I had that confirmed when a mild, soft spoken Rotherham lad pitched up on my Durham doorstep in 2005. A rare species you might say, but Russell Power was to play a major part as my first team captain in launching the University club into the top echelon of national league status. His values very much moulded by the solidity of fine parents and a hockey club that really cared, were also my values.

Today he flies hundreds of thousands of air miles as one of British Airways most accomplished pilots. He can still say, "This is your Captain speaking!!" Through David Woodward and Rotherham Hockey club, he had a foundation for life, one which he still boasts about today.

It was Woody who was there when the club got relegated and he was the bloke who led the celebrations on winning the trophies. He also persuaded so many parents to try out hockey, and yes he fronted up to protect their kids from wayward behaviour. Woody drove the bus, chaired the late night meetings, organised the club's hockey events and negotiated with the movers and shakers for new pitch facilities.

Ladies and Gentlemen, they don't make 'em like Woody anymore. He is the real thing! Forget Labour and the Tories, Vote David Woodward for Prime Minister!!".

David was then presented with his gifts from the club and guests.

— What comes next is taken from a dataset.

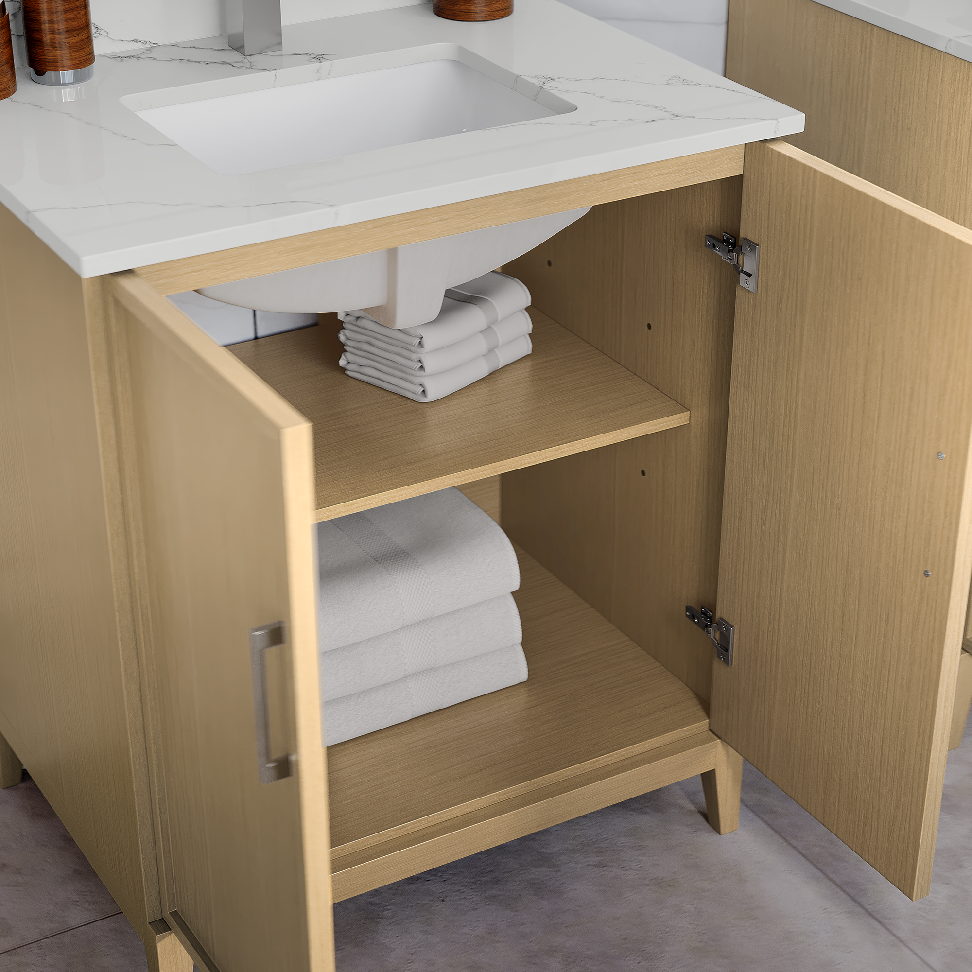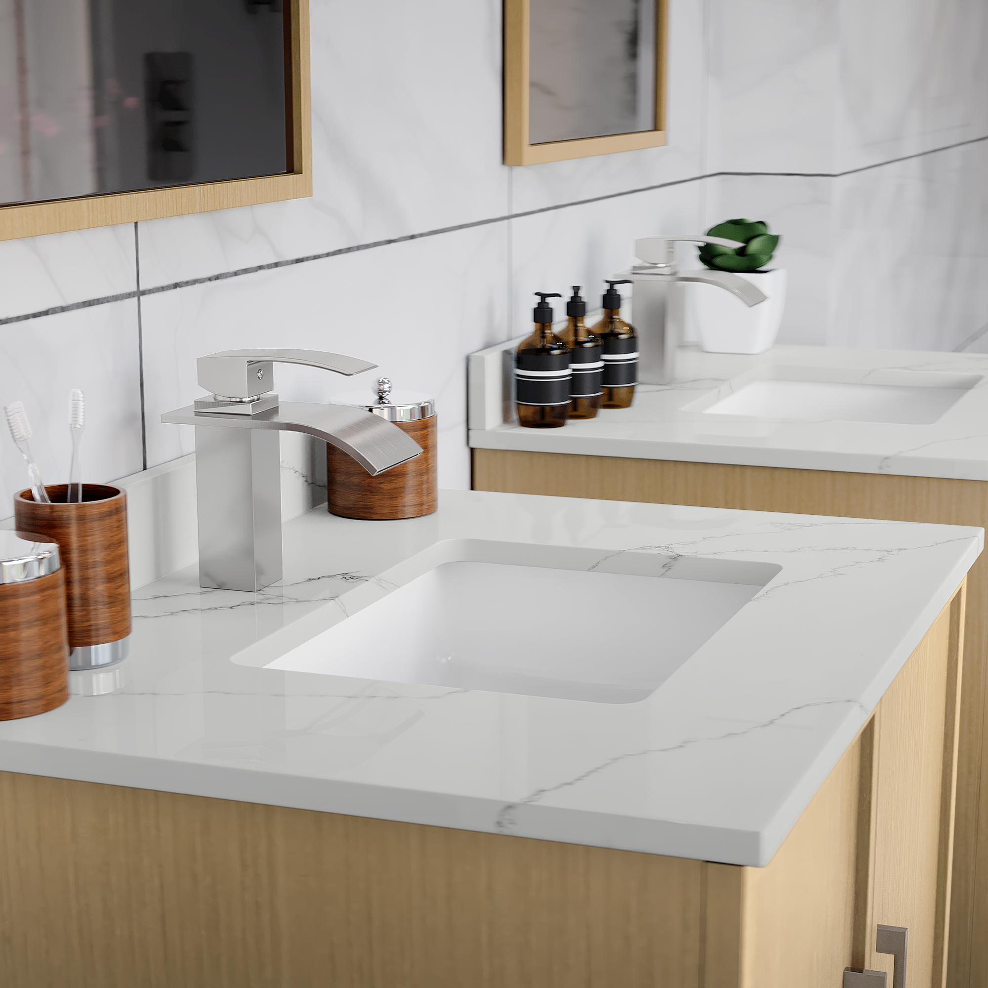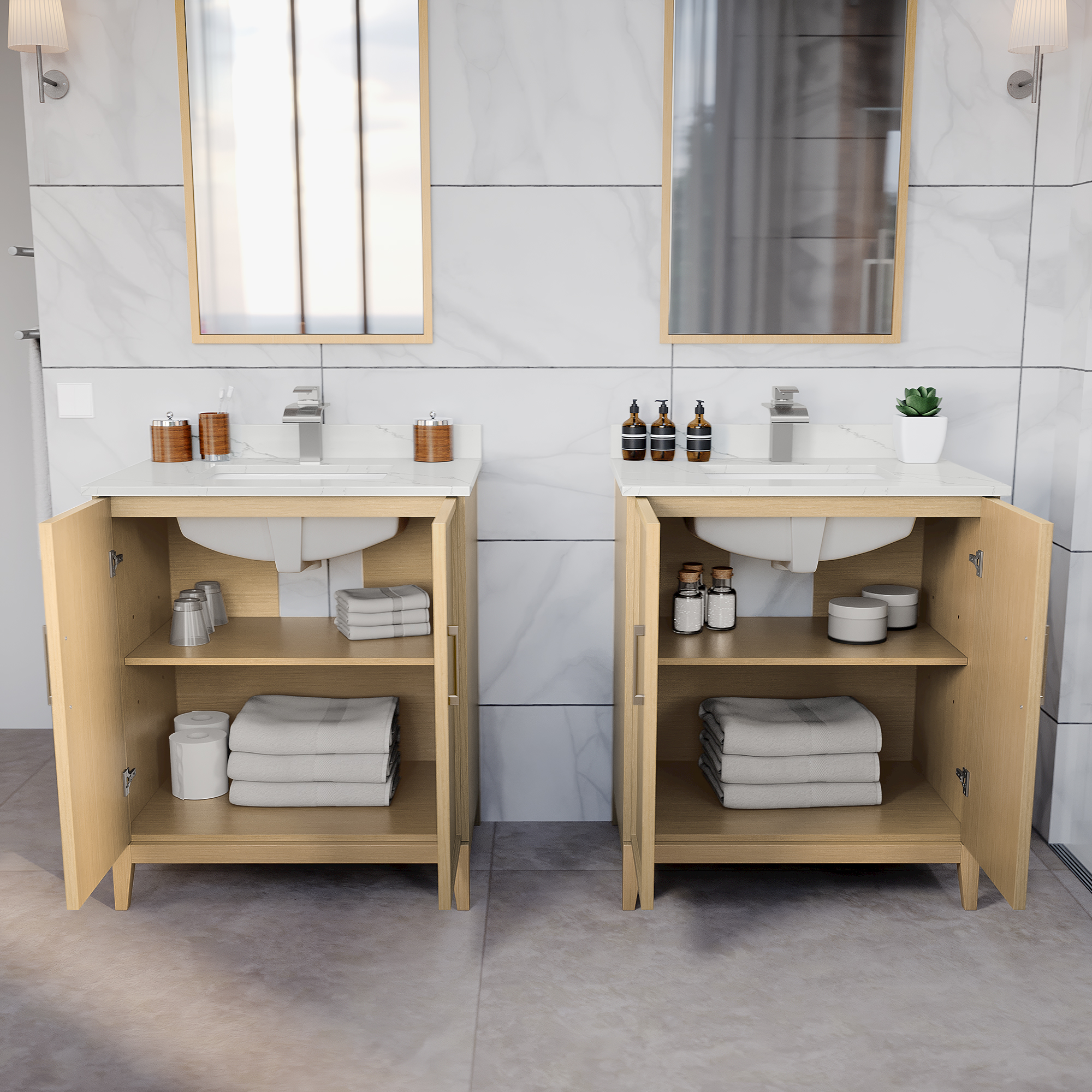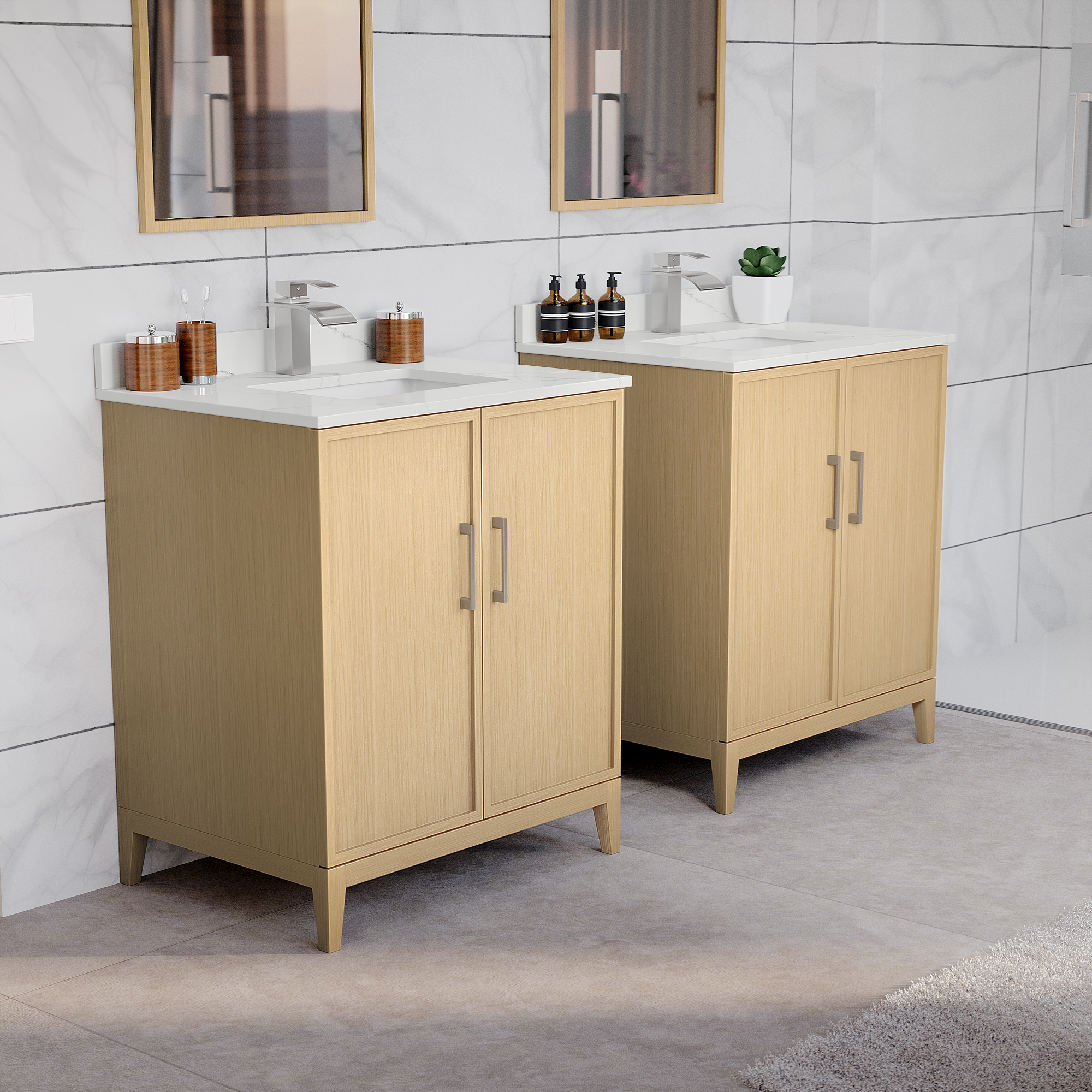 This transitional bathroom vanity exudes sleek sophistication with its clean lines and minimalist slim shaker design. The Elan vanity is crafted from high-quality materials like solid wood and plywood, with counters in multiple material options. Quartz and cultured stone counters include a back-and side-splash. Finished painted or in rift-cut white oak veneer, it seamlessly combines beauty and real-life usefulness. Its integrated, soft-closing drawers (featuring 3D adjustable glides) and doors offer ample storage space for toiletries, towels, and other essentials, keeping the space clutter-free. The sleek, angular hardware contributes to the overall aesthetic, creating a stylish focal point in the bathroom. Elevate your bathroom haven without compromising form or function.

Almost £800 was given in contributions, a weekend trip to the Pro League at Lee Valley, a photo collage, a hand painted picture of David by Archie Busby and a hockey themed cake made by Beth Bradley.

The event concluded with David thanking everyone for attending and for his gifts. It was great to see so many old friends at the pitch and he assured them they couldn't leave until they picked up a hockey stick. He was very humbled and overwhelmed by the turn out but extremely grateful to everyone for attending.

There are many pictures and videos that will be shared over the coming days.